--- Extracted data Enclosed Below ---
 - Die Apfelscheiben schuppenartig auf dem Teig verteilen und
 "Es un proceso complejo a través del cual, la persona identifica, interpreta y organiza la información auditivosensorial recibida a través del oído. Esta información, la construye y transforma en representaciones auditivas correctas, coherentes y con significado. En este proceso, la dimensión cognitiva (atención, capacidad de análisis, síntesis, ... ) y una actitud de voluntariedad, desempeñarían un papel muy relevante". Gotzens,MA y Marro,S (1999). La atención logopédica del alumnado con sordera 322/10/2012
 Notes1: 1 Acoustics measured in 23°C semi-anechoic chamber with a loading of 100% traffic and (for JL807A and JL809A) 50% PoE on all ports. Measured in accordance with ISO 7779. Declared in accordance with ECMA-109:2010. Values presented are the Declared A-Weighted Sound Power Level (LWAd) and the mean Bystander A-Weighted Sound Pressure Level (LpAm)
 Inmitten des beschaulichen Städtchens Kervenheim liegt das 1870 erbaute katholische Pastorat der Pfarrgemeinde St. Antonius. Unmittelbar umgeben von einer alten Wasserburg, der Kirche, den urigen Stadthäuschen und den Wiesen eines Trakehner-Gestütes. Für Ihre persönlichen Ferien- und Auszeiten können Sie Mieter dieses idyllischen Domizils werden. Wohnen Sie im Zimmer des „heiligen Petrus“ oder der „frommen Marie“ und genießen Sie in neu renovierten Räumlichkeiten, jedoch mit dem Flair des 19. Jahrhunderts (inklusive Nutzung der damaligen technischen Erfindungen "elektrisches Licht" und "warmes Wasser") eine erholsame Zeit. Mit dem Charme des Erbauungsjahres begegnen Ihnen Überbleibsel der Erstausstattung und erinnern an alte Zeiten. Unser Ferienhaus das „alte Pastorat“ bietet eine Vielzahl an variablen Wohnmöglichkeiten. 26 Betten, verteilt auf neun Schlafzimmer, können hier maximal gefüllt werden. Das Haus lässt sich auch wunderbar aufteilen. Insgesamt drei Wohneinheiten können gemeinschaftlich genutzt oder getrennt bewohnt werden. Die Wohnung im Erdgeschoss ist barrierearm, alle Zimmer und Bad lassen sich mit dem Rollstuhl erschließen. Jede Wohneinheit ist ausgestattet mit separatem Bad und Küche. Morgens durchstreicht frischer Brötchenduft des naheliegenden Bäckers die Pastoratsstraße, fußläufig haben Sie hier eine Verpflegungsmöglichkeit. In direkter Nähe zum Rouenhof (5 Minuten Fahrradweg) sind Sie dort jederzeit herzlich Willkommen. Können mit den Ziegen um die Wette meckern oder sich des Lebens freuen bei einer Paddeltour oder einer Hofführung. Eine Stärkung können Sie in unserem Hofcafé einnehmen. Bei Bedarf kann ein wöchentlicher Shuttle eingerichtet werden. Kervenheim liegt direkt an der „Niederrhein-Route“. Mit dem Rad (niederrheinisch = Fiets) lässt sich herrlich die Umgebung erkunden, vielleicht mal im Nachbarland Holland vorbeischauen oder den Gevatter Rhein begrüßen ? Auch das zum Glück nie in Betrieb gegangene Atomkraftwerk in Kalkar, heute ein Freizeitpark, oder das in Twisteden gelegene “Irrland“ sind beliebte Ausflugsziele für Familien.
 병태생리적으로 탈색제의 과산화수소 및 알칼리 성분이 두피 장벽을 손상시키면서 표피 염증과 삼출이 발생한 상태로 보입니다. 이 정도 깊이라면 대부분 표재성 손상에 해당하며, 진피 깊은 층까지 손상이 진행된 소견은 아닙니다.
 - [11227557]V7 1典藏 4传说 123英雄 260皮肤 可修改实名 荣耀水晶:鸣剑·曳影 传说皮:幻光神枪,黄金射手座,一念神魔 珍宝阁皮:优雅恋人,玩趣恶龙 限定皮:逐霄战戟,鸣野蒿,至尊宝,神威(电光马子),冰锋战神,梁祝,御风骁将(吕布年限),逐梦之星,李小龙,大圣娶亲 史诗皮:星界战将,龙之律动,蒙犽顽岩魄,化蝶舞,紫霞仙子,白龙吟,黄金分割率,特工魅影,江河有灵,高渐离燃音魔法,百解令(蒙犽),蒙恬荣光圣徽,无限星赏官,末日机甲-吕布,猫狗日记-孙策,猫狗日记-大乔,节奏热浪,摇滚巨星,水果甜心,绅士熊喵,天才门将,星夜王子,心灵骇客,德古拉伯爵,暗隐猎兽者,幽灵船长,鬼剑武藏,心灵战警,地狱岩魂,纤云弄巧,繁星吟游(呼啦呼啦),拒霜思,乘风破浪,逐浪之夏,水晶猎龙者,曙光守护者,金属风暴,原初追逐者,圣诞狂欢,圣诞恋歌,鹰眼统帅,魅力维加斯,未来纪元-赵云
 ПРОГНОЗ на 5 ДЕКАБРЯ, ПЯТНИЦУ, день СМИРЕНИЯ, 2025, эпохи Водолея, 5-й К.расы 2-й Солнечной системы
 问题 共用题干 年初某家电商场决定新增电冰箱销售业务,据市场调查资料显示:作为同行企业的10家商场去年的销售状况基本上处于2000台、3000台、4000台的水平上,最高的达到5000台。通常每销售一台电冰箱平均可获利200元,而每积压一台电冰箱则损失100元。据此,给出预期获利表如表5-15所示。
--- End of Enclosed Extracted data ---
--- Extracted data Enclosed Below ---
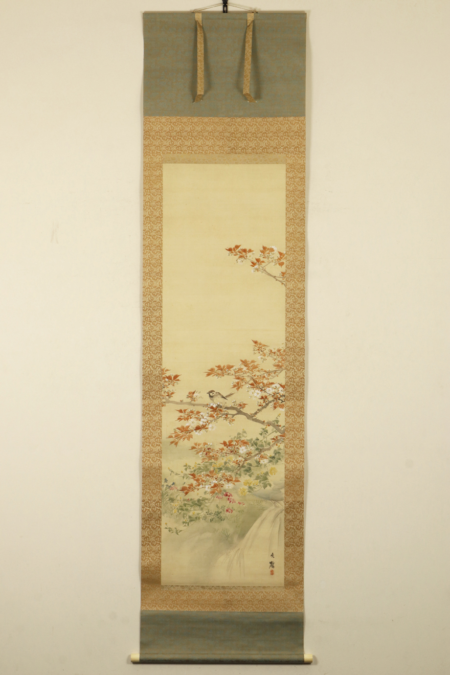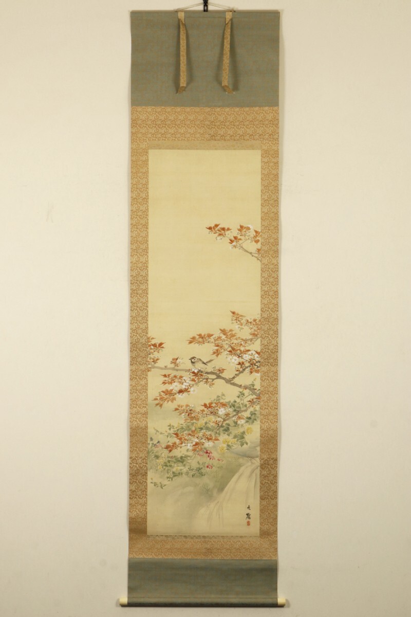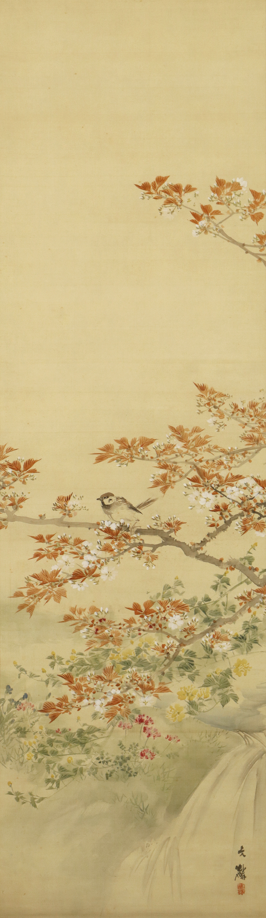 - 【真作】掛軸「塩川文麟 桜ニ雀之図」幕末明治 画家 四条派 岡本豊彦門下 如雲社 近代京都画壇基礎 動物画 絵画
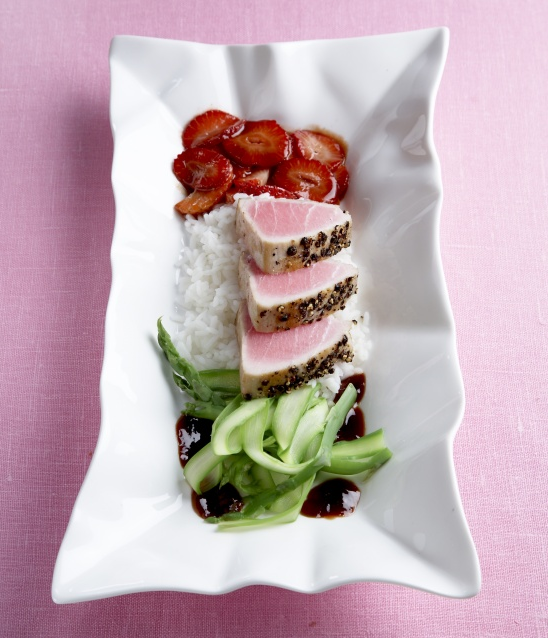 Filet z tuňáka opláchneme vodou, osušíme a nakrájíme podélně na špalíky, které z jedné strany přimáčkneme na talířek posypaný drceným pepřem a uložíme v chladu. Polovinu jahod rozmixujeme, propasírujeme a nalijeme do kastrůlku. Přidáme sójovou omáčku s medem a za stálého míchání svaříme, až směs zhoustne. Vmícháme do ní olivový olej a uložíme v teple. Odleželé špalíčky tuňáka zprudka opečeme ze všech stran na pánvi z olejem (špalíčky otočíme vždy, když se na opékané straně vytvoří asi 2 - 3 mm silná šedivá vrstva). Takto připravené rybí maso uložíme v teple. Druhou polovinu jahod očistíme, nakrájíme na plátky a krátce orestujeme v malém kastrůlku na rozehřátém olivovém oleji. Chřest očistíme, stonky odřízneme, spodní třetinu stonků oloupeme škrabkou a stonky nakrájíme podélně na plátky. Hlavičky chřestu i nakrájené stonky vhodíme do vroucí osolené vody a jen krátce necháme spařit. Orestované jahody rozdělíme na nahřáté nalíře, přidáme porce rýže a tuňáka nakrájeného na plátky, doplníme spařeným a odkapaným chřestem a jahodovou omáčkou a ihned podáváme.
--- End of Enclosed Extracted data ---
Task item: Give back exactly the lines of the listing above that run from the line with "- [11227557]V7 1典藏" to the line with "ПРОГНОЗ на 5", inclusive.

Solution to the exercise:
 - [11227557]V7 1典藏 4传说 123英雄 260皮肤 可修改实名 荣耀水晶:鸣剑·曳影 传说皮:幻光神枪,黄金射手座,一念神魔 珍宝阁皮:优雅恋人,玩趣恶龙 限定皮:逐霄战戟,鸣野蒿,至尊宝,神威(电光马子),冰锋战神,梁祝,御风骁将(吕布年限),逐梦之星,李小龙,大圣娶亲 史诗皮:星界战将,龙之律动,蒙犽顽岩魄,化蝶舞,紫霞仙子,白龙吟,黄金分割率,特工魅影,江河有灵,高渐离燃音魔法,百解令(蒙犽),蒙恬荣光圣徽,无限星赏官,末日机甲-吕布,猫狗日记-孙策,猫狗日记-大乔,节奏热浪,摇滚巨星,水果甜心,绅士熊喵,天才门将,星夜王子,心灵骇客,德古拉伯爵,暗隐猎兽者,幽灵船长,鬼剑武藏,心灵战警,地狱岩魂,纤云弄巧,繁星吟游(呼啦呼啦),拒霜思,乘风破浪,逐浪之夏,水晶猎龙者,曙光守护者,金属风暴,原初追逐者,圣诞狂欢,圣诞恋歌,鹰眼统帅,魅力维加斯,未来纪元-赵云
 ПРОГНОЗ на 5 ДЕКАБРЯ, ПЯТНИЦУ, день СМИРЕНИЯ, 2025, эпохи Водолея, 5-й К.расы 2-й Солнечной системы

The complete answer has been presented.